Luna felt the anger rising in her throat. “Don't you talk about my father like that! My father was born a king and he'll always be a king! Never, do you hear, never say even one bad word about my father!”

“What did I say?” Rosa mumbled, ignoring the insults her daughter had hurled at her. “All I tried to tell you was that your father doesn't have money like he used to.”
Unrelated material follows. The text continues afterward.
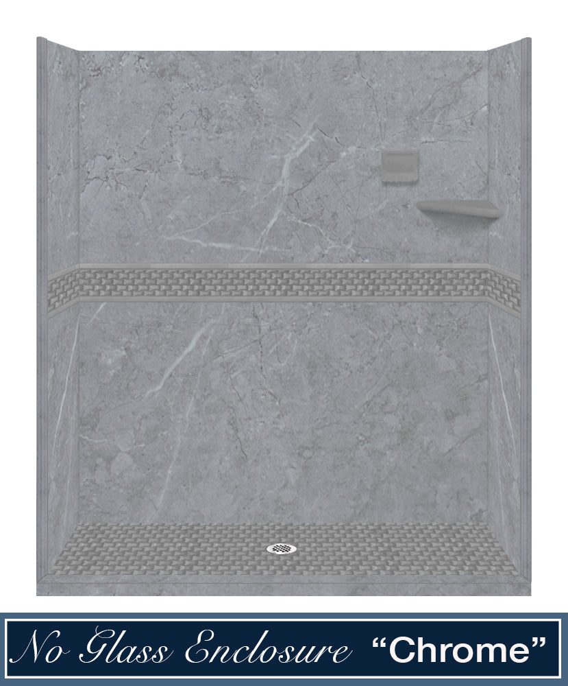 60" Alcove Grio Medici Marble & Jewel Stone Accent Shower Remodel Kit

“How do you know what my father has or hasn't got? Since when has he told
you
anything? When has he ever spoken to you about the shop? When did he talk to you about how hurt he is that Nona Mercada hasn't set foot in this house since the day she ran away to Tia Allegra in Tel Aviv
because of you
? You, you're good for only one thing for my father, cooking and cleaning. You who used to be a servant in the houses of the English, now you're a servant in the house of Gabriel Ermosa!”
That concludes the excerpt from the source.